**HOW TO COMPLETE THIS TASK:**
Set down all of the records below exactly, please, omitting the images.

[Data records]
BEGIN
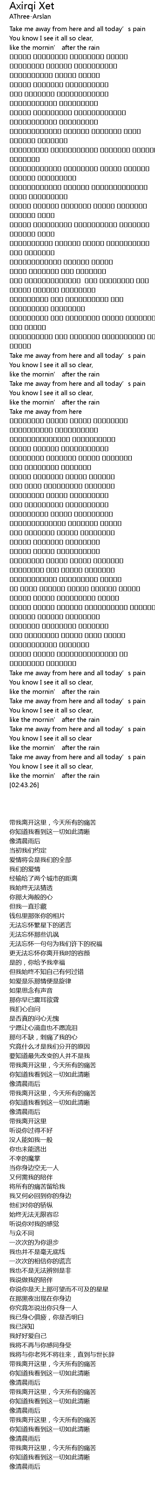 | [01:52.98] | ئۆز دەردىڭنى ئۆزۈڭ تارت مېنىڭ دەرتلىرىمگە يەتكۈچە |
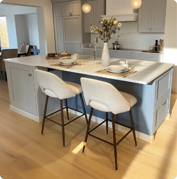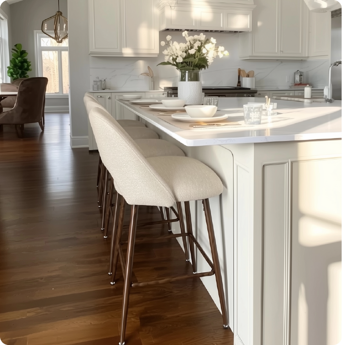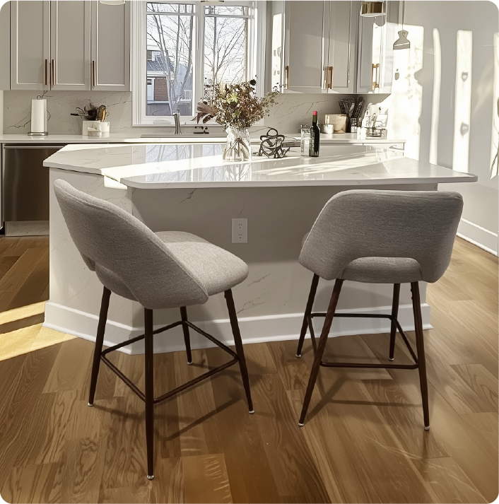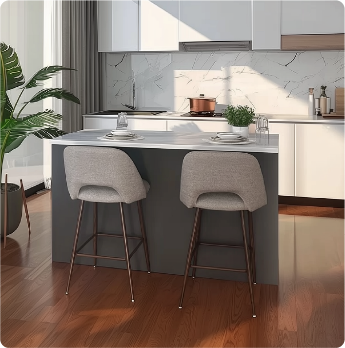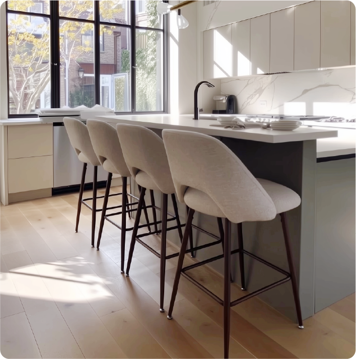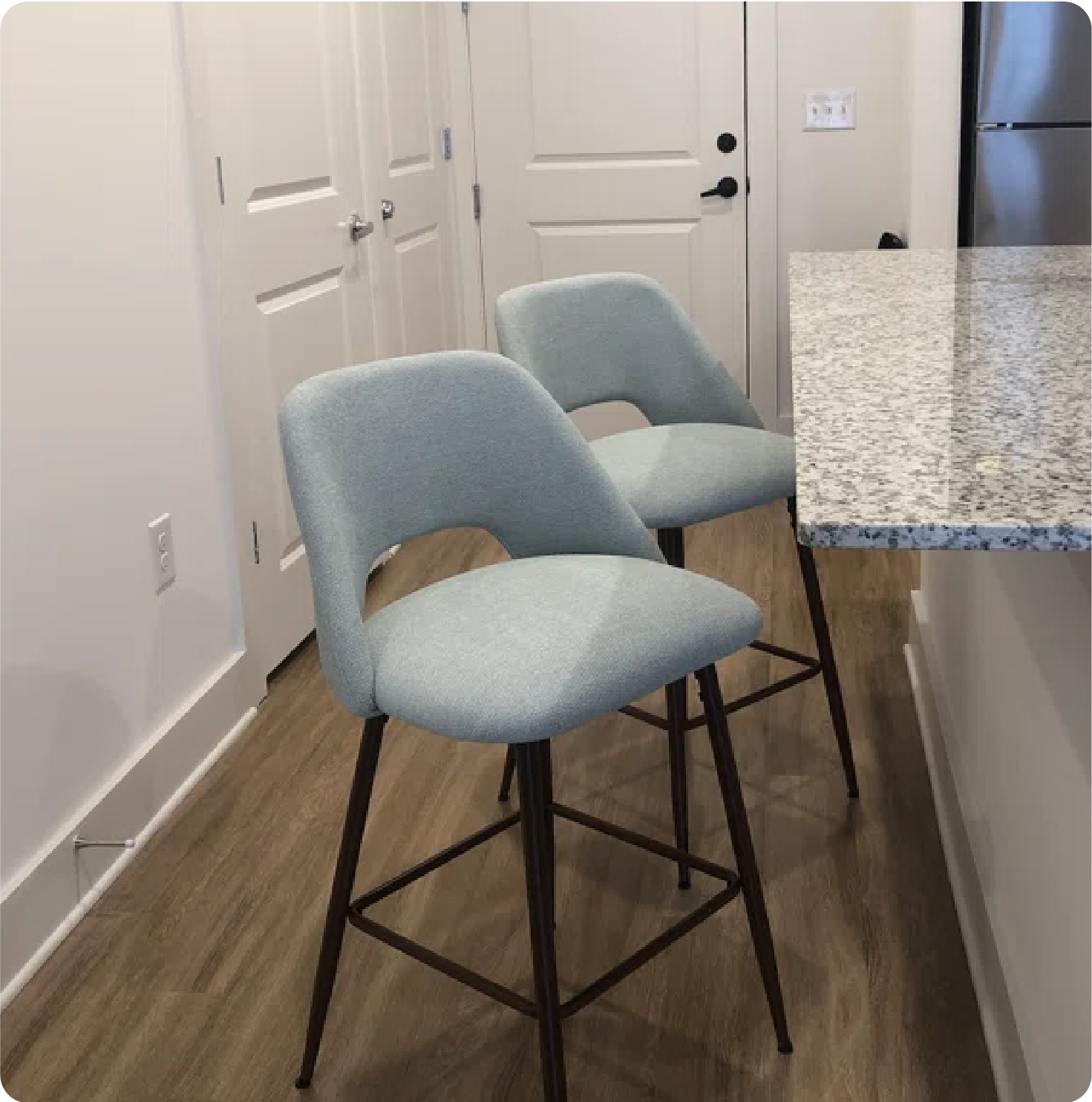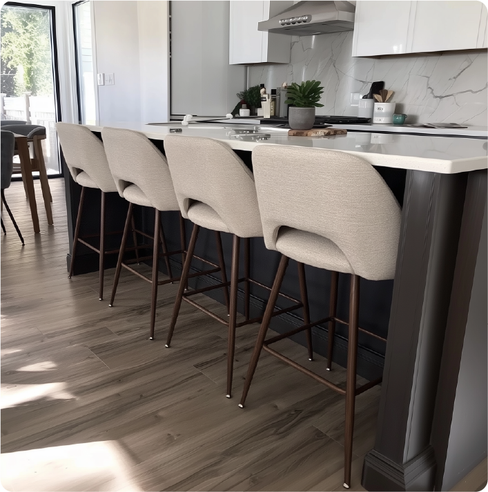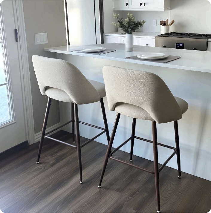 The Edwin counter stool has been a customer favorite for 5 years, and it's easy to see why. The walnut version is the most versatile, with metal legs finished in a warm walnut wood grain for a natural, cozy vibe.
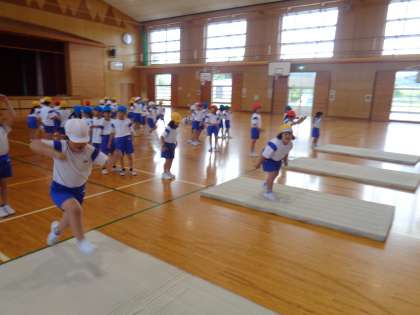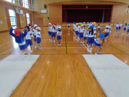 立ち幅跳びの練習では遠くに跳ぶために勢いをつける練習をしました。
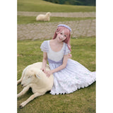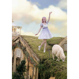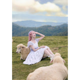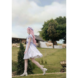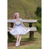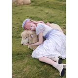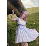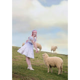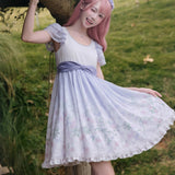 淡いラベンダーから白へと溶け合うような色調に、野の花を思わせる繊細なフラワープリントが広がるワンピース。胸元はすっきりと、肩には透け感のあるフリル袖がそっと風を含みます。ウエストをやさしく結ぶ同色のリボンがシルエットに静かな区切りを与え、歩くたびに軽やかに揺れるスカートの裾が空気と戯れるように広がります。無垢さと物語性をまとった、穏やかで夢見心地な一着。
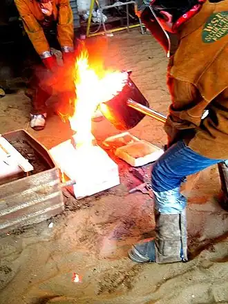 По ГОСТ 3.1109-82: изготовление заготовки или изделия из жидкого материала заполнением им полости заданных форм и размеров с последующим затвердением. В наиболее распространённом понимании — типовой процесс-операция получения изделий, заключающийся в заполнении специальной ёмкости (формы), формирующей поверхность или часть поверхности изготавливаемого изделия, жидким материалом (металлы и неметаллы) с дальнейшим термо-временным переходом жидкого материала в твёрдое агрегатное состояние и получения, в результате, твёрдой заготовки, близкой по конфигурации, размерам и свойствам к изделию. Литьём называют также продукцию литейного производства, художественные изделия и изделия народных промыслов, полученные с помощью литья. Сущность процессов литья металлов и задача литейного производства[2]. Литьём (или литейным производством) называют метод производства, при котором изготовляют фасонные заготовки деталей путём заливки расплавленного металла в заранее приготовленную литейную форму, полость которой имеет конфигурацию заготовки детали. После затвердевания и охлаждения металла в форме получают отливку-заготовку детали. Основной задачей литейного производства является изготовление литейных сплавов отливок, имеющих разнообразную конфигурацию с максимальным приближением их формы и размеров к форме и размерам детали (при литье невозможно получить отливку, форма и размеры которой соответствует форме и размерам детали) . Мастер литейного дела, отливщик — Лите́йщик или Лите́ц[1], например «пушечный литец» Андрей Чохов, который, в 1586 году, создал Царь-пушку.
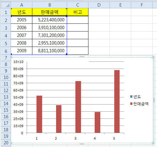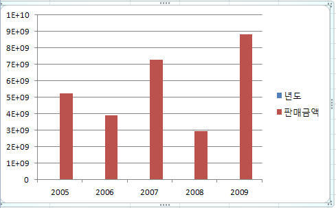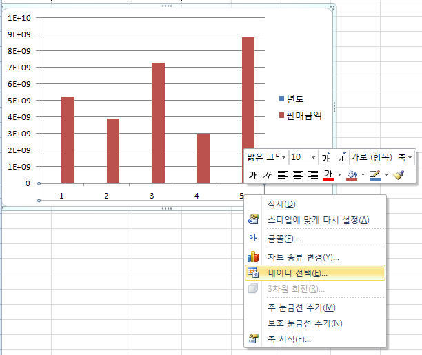 다음은 세로축(y축)의 값이 지수형태로 보기가 좋지 않은데 해당 축의 서식을 변경시키는 방법을 알아 보도록 하겠습니다.
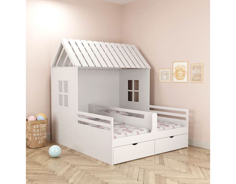 Розміри: Висота 1600 мм. Довжина 1632 мм. Глибина 1932 мм. Спальне місце 800 мм * 1900 мм. Колір та розмір можна підібрати індивідуально за бажанням клієнта. Завдяки величезному вибору колірного рішення ви підберете саме ту модель, яка сподобається вашій дитині. Таке ліжко вразить вас своєю компактністю, місткістю та практичністю. Колір та розмір можна підібрати індивідуально за бажанням клієнта. Цей товар виготовляється на замовлення. Термін виготовлення залежить від завантаженості заводу. Кольори на вибір в асортименті. Можливе виготовлення у комбінації з кількох кольорів. Одноярусне ліжко будиночок для двох дітей з висувними ящиками в низу ДКД 211 Діти люблять грати в будиночки. Свій власний простір, відокремлений від дорослих, затишний маленький світ, де весело та безпечно. Така модель ліжка - це комфортне спальне місце та ігрова зона. Внизу розміщені висувні ящики для білизни та речей. Все для вашого комфорту. Бічні стійки виконані з матеріалу МДФ Колір та розмір можна підібрати індивідуально за бажанням клієнта. Додатково до базової моделі ми можемо встановити для зручності: ✔Додатковий ортопедичний матрац. ✔ Також рекомендуємо Вам вибрати постільну білизну до ліжечка ТУТ Ціну на додаткові позиції уточнюйте у менеджера.
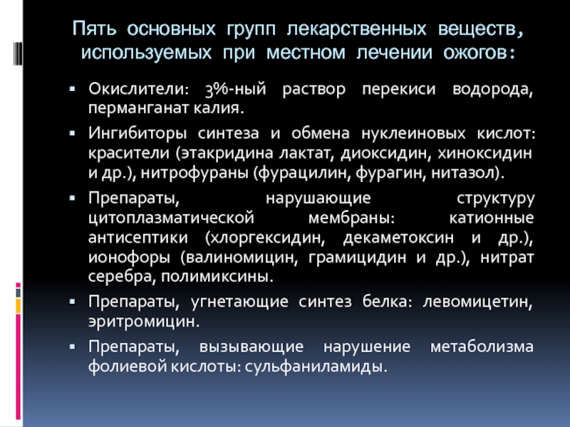 Слайд 26Пять основных групп лекарственных веществ, используемых при местном лечении ожогов:
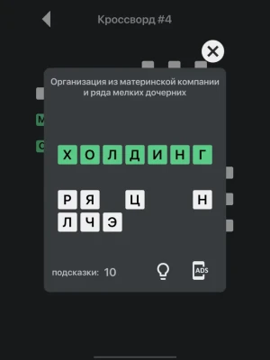 - Простая система подсказок. Открывайте неизвестные буквы за подсказки
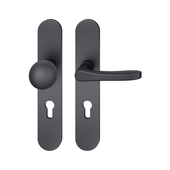 FSB Wechselgarnitur 12 1106; Material: Aluminium; Befestigungsart: verdeckt verschraubt; Befestigungstechnik: mit Stütznocken; Vierkant: 8 mm; Befestigungssystem: Stiftverbindung; Abdeckung: Langschild; Lagerung: ASL®,festdrehbar; Form: oval; Benutzerklasse: Klasse 4; Einsatzbereich: Objekttür; Basis: Wechselgarnitur; Lochung: Profilzylinder gelocht; Entfernung: 72 mm; Türstärke min.: 39 mm; Türstärke max.: 58 mm; Knopfhöhe: 70 mm; Knopfform: Kugelform; DIN-Richtung: DIN Links-Rechts; Norm: DIN EN 1906; Breite: 45 mm; Länge: 245 mm; Farbe: schwarz; Oberfläche: gestrahlt,eloxiert; Türart: Außentüren; Drückerbefestigung: Wechselstift mit Rolle; Anschlagrichtung: Drücker rechts/links verwendbar; Knopfdurchmesser: 50 mm; Türwerkstoff: Holz,Stahl; Lieferung: mit Befestigungsmaterial; Betätigungswinkel max.: 45 °; Drückerhöhe: 75 mm; Drückerlänge: 119 mm; Design: Christoph Mäckler; Schildstärke außen: 7 mm; Schildstärke innen: 7 mm; Material Unterkonstruktion: Kunststoff-Edelstahl verstärkt; Drückerform: L-Form,gebogen
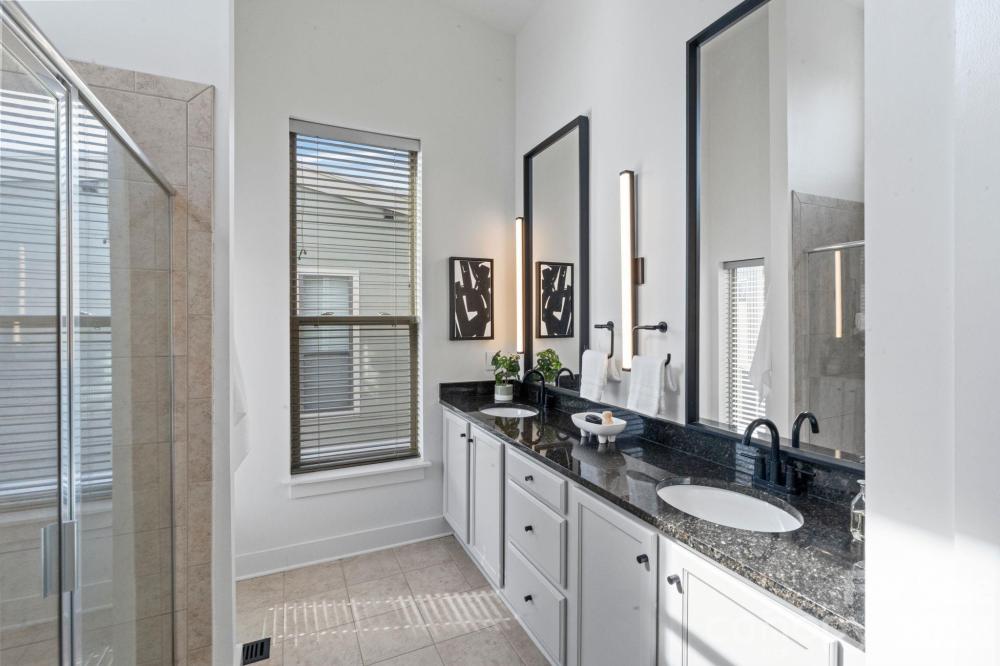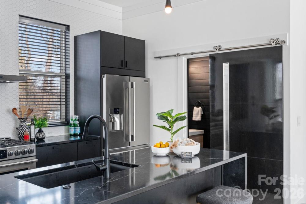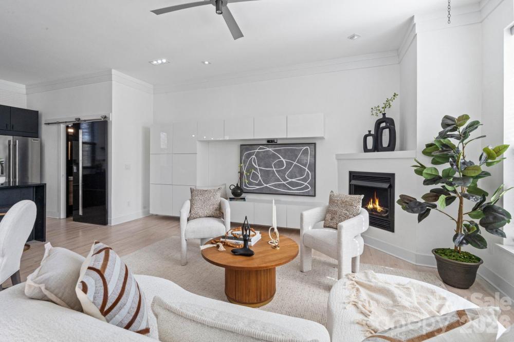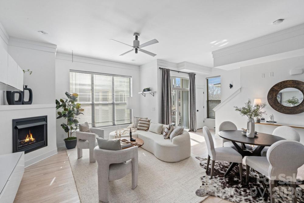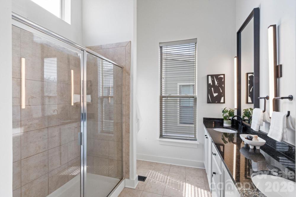 Beautifully updated end-unit townhome in Steel Gardens, offering stylish upgrades and abundant natural light. Thoughtfully renovated with modern design touches throughout, this home features an open-concept living space centered around a sleek kitchen with black quartz countertops, stainless steel appliances, and a striking waterfall island that anchors the space. The living area is enhanced by soaring ceilings and a custom built-in media center with generous storage, creating both function and visual appeal. The main level includes access to the two-car garage and inviting outdoor spaces, including a private back patio and cozy balcony - perfect for relaxing or entertaining. Upstairs, both bedrooms feature en-suite bathrooms, recently refreshed with new paint and mirrors, along with a conveniently located laundry area. This end-unit position provides added privacy with no homes directly in front or behind, thanks to a large greenspace and guest parking area. Located just moments from the heart of NoDa, you'll enjoy easy access to some of Charlotte’s best restaurants, breweries, galleries, music venues, and neighborhood hotspots.
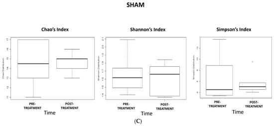 Effects of 5-week dTMS treatment on gut microbiota biodiversity evaluated by Chao’s, Shannon’s, and Simpson’s indices in the 3 treatment groups: (A) HF, (B) LF, (C) sham.
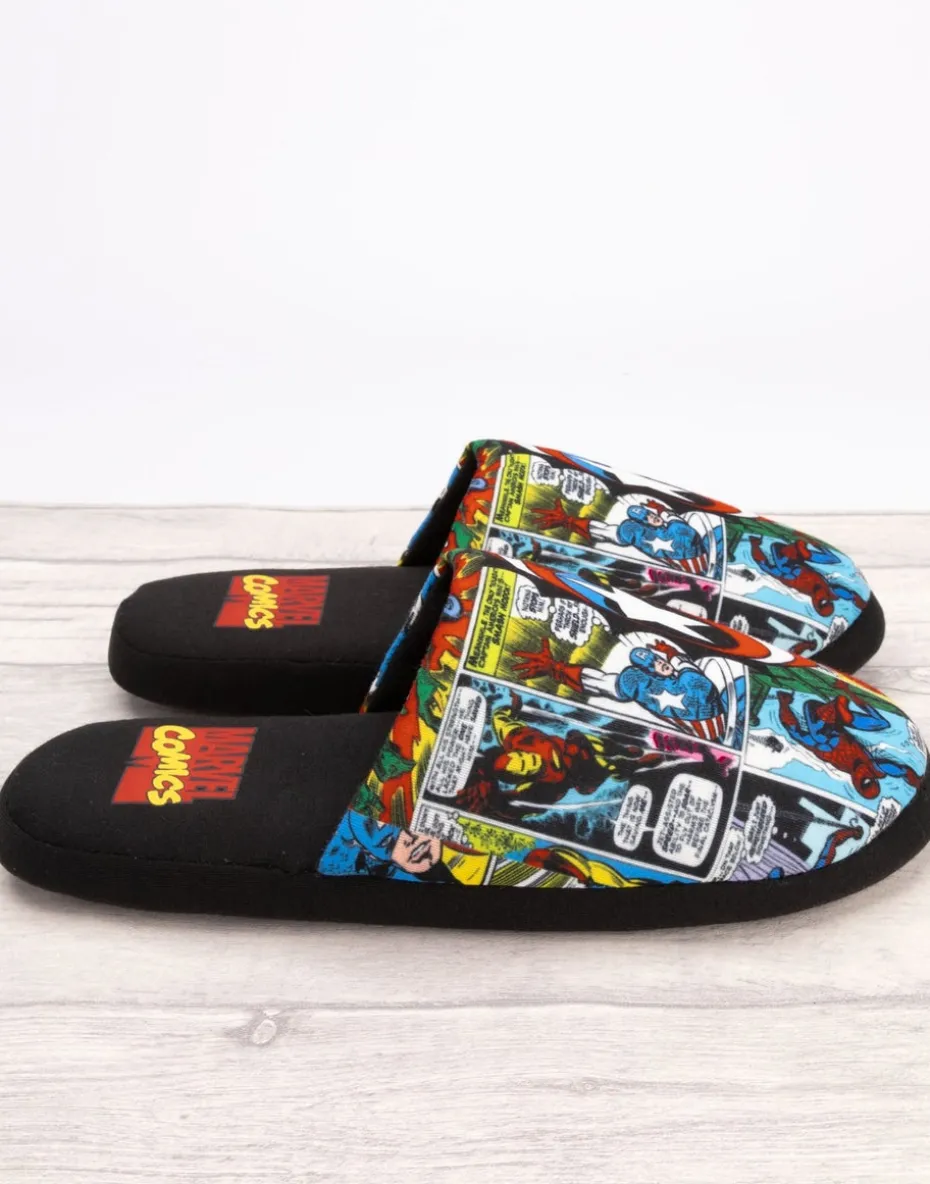 Marvel Mens Black Character All-Over Print Mule Slippers
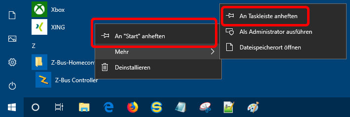 Ab sofort können Sie auch über das Startmenü den Z-Bus-Controller starten. Damit ist Punkt 3 berichtigt. c) Einrichten der Links auf Startseite/Taskleiste
END
**OUTPUT OF THE TASK:**
 | [01:52.98] | ئۆز دەردىڭنى ئۆزۈڭ تارت مېنىڭ دەرتلىرىمگە يەتكۈچە |
 The Edwin counter stool has been a customer favorite for 5 years, and it's easy to see why. The walnut version is the most versatile, with metal legs finished in a warm walnut wood grain for a natural, cozy vibe.
 立ち幅跳びの練習では遠くに跳ぶために勢いをつける練習をしました。
 淡いラベンダーから白へと溶け合うような色調に、野の花を思わせる繊細なフラワープリントが広がるワンピース。胸元はすっきりと、肩には透け感のあるフリル袖がそっと風を含みます。ウエストをやさしく結ぶ同色のリボンがシルエットに静かな区切りを与え、歩くたびに軽やかに揺れるスカートの裾が空気と戯れるように広がります。無垢さと物語性をまとった、穏やかで夢見心地な一着。
 По ГОСТ 3.1109-82: изготовление заготовки или изделия из жидкого материала заполнением им полости заданных форм и размеров с последующим затвердением. В наиболее распространённом понимании — типовой процесс-операция получения изделий, заключающийся в заполнении специальной ёмкости (формы), формирующей поверхность или часть поверхности изготавливаемого изделия, жидким материалом (металлы и неметаллы) с дальнейшим термо-временным переходом жидкого материала в твёрдое агрегатное состояние и получения, в результате, твёрдой заготовки, близкой по конфигурации, размерам и свойствам к изделию. Литьём называют также продукцию литейного производства, художественные изделия и изделия народных промыслов, полученные с помощью литья. Сущность процессов литья металлов и задача литейного производства[2]. Литьём (или литейным производством) называют метод производства, при котором изготовляют фасонные заготовки деталей путём заливки расплавленного металла в заранее приготовленную литейную форму, полость которой имеет конфигурацию заготовки детали. После затвердевания и охлаждения металла в форме получают отливку-заготовку детали. Основной задачей литейного производства является изготовление литейных сплавов отливок, имеющих разнообразную конфигурацию с максимальным приближением их формы и размеров к форме и размерам детали (при литье невозможно получить отливку, форма и размеры которой соответствует форме и размерам детали) . Мастер литейного дела, отливщик — Лите́йщик или Лите́ц[1], например «пушечный литец» Андрей Чохов, который, в 1586 году, создал Царь-пушку.
 다음은 세로축(y축)의 값이 지수형태로 보기가 좋지 않은데 해당 축의 서식을 변경시키는 방법을 알아 보도록 하겠습니다.
 Розміри: Висота 1600 мм. Довжина 1632 мм. Глибина 1932 мм. Спальне місце 800 мм * 1900 мм. Колір та розмір можна підібрати індивідуально за бажанням клієнта. Завдяки величезному вибору колірного рішення ви підберете саме ту модель, яка сподобається вашій дитині. Таке ліжко вразить вас своєю компактністю, місткістю та практичністю. Колір та розмір можна підібрати індивідуально за бажанням клієнта. Цей товар виготовляється на замовлення. Термін виготовлення залежить від завантаженості заводу. Кольори на вибір в асортименті. Можливе виготовлення у комбінації з кількох кольорів. Одноярусне ліжко будиночок для двох дітей з висувними ящиками в низу ДКД 211 Діти люблять грати в будиночки. Свій власний простір, відокремлений від дорослих, затишний маленький світ, де весело та безпечно. Така модель ліжка - це комфортне спальне місце та ігрова зона. Внизу розміщені висувні ящики для білизни та речей. Все для вашого комфорту. Бічні стійки виконані з матеріалу МДФ Колір та розмір можна підібрати індивідуально за бажанням клієнта. Додатково до базової моделі ми можемо встановити для зручності: ✔Додатковий ортопедичний матрац. ✔ Також рекомендуємо Вам вибрати постільну білизну до ліжечка ТУТ Ціну на додаткові позиції уточнюйте у менеджера.
 Слайд 26Пять основных групп лекарственных веществ, используемых при местном лечении ожогов:
 - Простая система подсказок. Открывайте неизвестные буквы за подсказки
 FSB Wechselgarnitur 12 1106; Material: Aluminium; Befestigungsart: verdeckt verschraubt; Befestigungstechnik: mit Stütznocken; Vierkant: 8 mm; Befestigungssystem: Stiftverbindung; Abdeckung: Langschild; Lagerung: ASL®,festdrehbar; Form: oval; Benutzerklasse: Klasse 4; Einsatzbereich: Objekttür; Basis: Wechselgarnitur; Lochung: Profilzylinder gelocht; Entfernung: 72 mm; Türstärke min.: 39 mm; Türstärke max.: 58 mm; Knopfhöhe: 70 mm; Knopfform: Kugelform; DIN-Richtung: DIN Links-Rechts; Norm: DIN EN 1906; Breite: 45 mm; Länge: 245 mm; Farbe: schwarz; Oberfläche: gestrahlt,eloxiert; Türart: Außentüren; Drückerbefestigung: Wechselstift mit Rolle; Anschlagrichtung: Drücker rechts/links verwendbar; Knopfdurchmesser: 50 mm; Türwerkstoff: Holz,Stahl; Lieferung: mit Befestigungsmaterial; Betätigungswinkel max.: 45 °; Drückerhöhe: 75 mm; Drückerlänge: 119 mm; Design: Christoph Mäckler; Schildstärke außen: 7 mm; Schildstärke innen: 7 mm; Material Unterkonstruktion: Kunststoff-Edelstahl verstärkt; Drückerform: L-Form,gebogen
 Beautifully updated end-unit townhome in Steel Gardens, offering stylish upgrades and abundant natural light. Thoughtfully renovated with modern design touches throughout, this home features an open-concept living space centered around a sleek kitchen with black quartz countertops, stainless steel appliances, and a striking waterfall island that anchors the space. The living area is enhanced by soaring ceilings and a custom built-in media center with generous storage, creating both function and visual appeal. The main level includes access to the two-car garage and inviting outdoor spaces, including a private back patio and cozy balcony - perfect for relaxing or entertaining. Upstairs, both bedrooms feature en-suite bathrooms, recently refreshed with new paint and mirrors, along with a conveniently located laundry area. This end-unit position provides added privacy with no homes directly in front or behind, thanks to a large greenspace and guest parking area. Located just moments from the heart of NoDa, you'll enjoy easy access to some of Charlotte’s best restaurants, breweries, galleries, music venues, and neighborhood hotspots.
 Effects of 5-week dTMS treatment on gut microbiota biodiversity evaluated by Chao’s, Shannon’s, and Simpson’s indices in the 3 treatment groups: (A) HF, (B) LF, (C) sham.
 Marvel Mens Black Character All-Over Print Mule Slippers
 Ab sofort können Sie auch über das Startmenü den Z-Bus-Controller starten. Damit ist Punkt 3 berichtigt. c) Einrichten der Links auf Startseite/Taskleiste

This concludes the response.